The Right to a Healthy Environment for the Protection of Vulnerable Communities
by Sarah Dávila-Ruhaak, Assistant Professor of Law, Director, International Human Rights Clinic, University of Illinois Chicago Law
Is there a question that our environment is worse than before and that climate change is “the greatest threat to global health in the 21st century?” The answer to that is a resounding NO. While we manage and adjust to the COVID-19 pandemic, the degradation of our environment due to climate change looms as a longer-term threat to our lives.
As a human rights activist, I believe protecting the environment is critical for the defense of human rights. The enjoyment of human rights depends on a person’s ability to live free from interference and to have his or her rights protected. The interdependence of human rights and the protection of the environment is manifested in the full and effective enjoyment of the human right to a healthy environment. The global recognition of the right to a healthy environment has progressed, but there is much more to do to pave the way for the international human right to a healthy environment. Human rights experts have argued that in order to protect the environment and human rights affected by the environment and climate change we must consider the right to a healthy environment as a possible normative tool.
Many ask, why use human rights in lieu of the extensive international environmental instruments that protect the environment? They reason these international environmental agreements that promote international environmental regulation, such as the United Nations Stockholm Declaration on the Human Environment, the 1992 United Nations Rio Declaration on Environment and Development, and many others paved the way to recognize that States have an obligation to protect the environment.
I, and many human rights scholars, postulate that an environmental human rights approach prioritizes the protection of the environment because of its significance to the full and effective enjoyment of human rights. Therefore, it is critical to complement the international environmental legal framework with international human rights, and specifically the human right to a healthy environment.
Specifically, I suggest that in order to protect vulnerable persons and communities facing environmental harm, a human rights framework – specifically the right to a healthy environment – must be used. A human rights approach complements environmental justice and recognizes that individuals and communities affected by environmental harm are right-holders entitled to protection. Individuals most vulnerable to environmental harm are often members of poor, rural, and disenfranchised communities. Global data shows that “more than two thirds of extremely poor people in low income countries and lower-middle income countries live in households where the head of households is from an ethnic minority group.” When there is environmental harm or degradation, vulnerable persons or communities are prevented from accessing basic natural resources, clean water and sanitation, adequate housing, food security, and access to health and medical assistance. The World Health Organization estimated that in 2012, over 1.7 million children under the age of five died of exposure to environmental pollution and toxic chemicals.
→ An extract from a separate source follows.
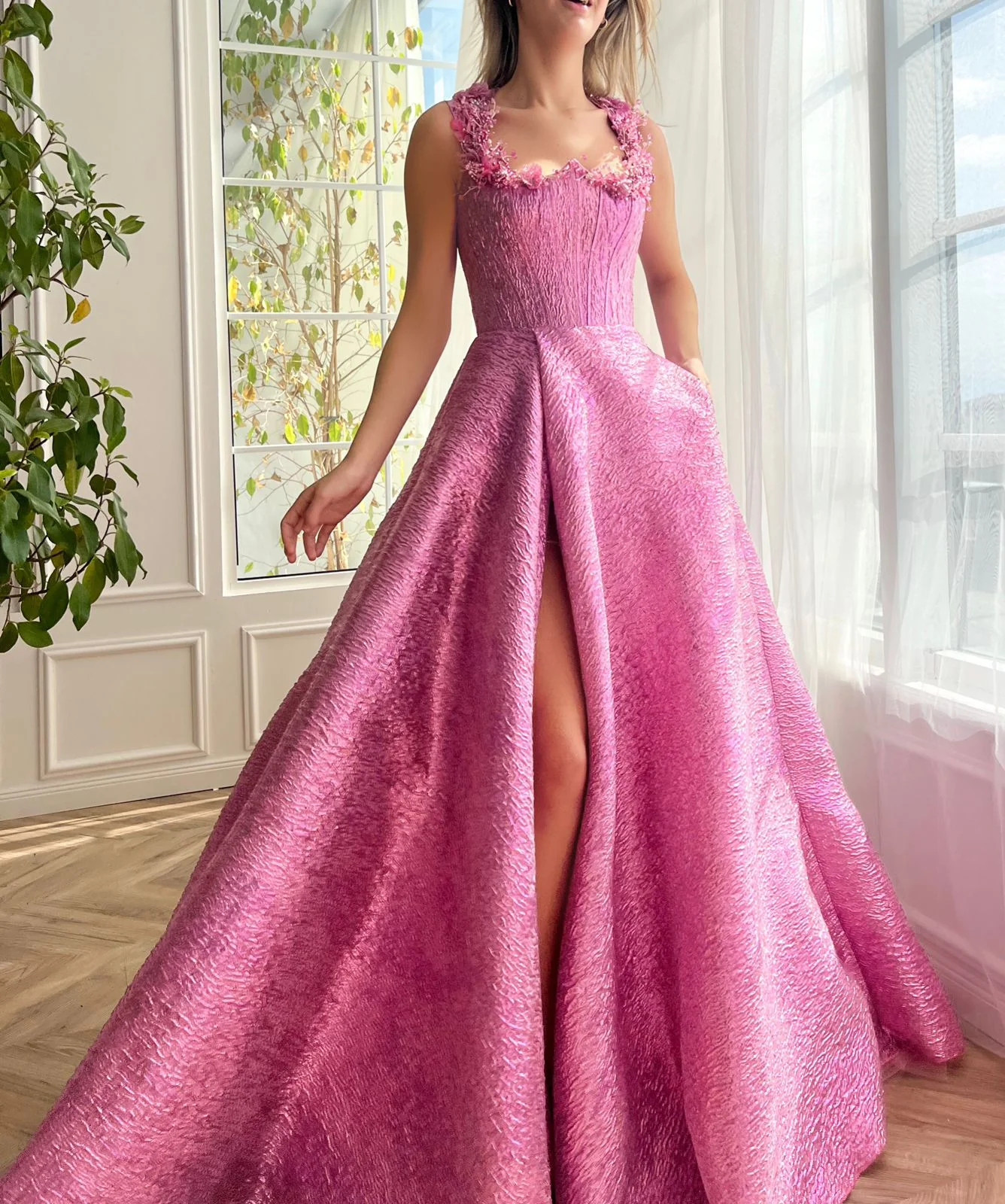 Experience the epitome of elegance in this stunning haute couture gown, designed for those who seek to make a royal statement at any special occasion. Crafted from shimmering rose brocade, the gown features a fully boned corset that enhances your figure, while the A-line silhouette lends a timeless touch of sophistication. A sultry leg slit adds a hint of allure, and the convenience of inseam pockets means you can keep your essentials close. The dress captivates with its upside-down heart back design, while the exquisite handmade embroidery, adorned with beaded floral motifs, showcases the meticulous attention to detail that elevates this gown from simply beautiful to truly extraordinary.

In this article, I examine how vulnerable communities in Puerto Rico suffer persistent and serious environmental harm due to the mismanagement and improper disposal of coal-ash. This environmental disaster in Puerto Rico is the result of improper disposal and mismanagement of coal-ash, compounding vulnerability, powerlessness, and humanitarian disasters. This contamination and environmental harm has taken place over the last decade; however, Puerto Ricans have been exposed to serious environmental harm since the 1950s.
In the last couple of decades, the has been responsible for pollution and the complete disregard of human life of communities living in the southern municipalities of Puerto Rico near the AES coal-based power plant. The Puerto Rican government has been complicit in this complete disregard for human life.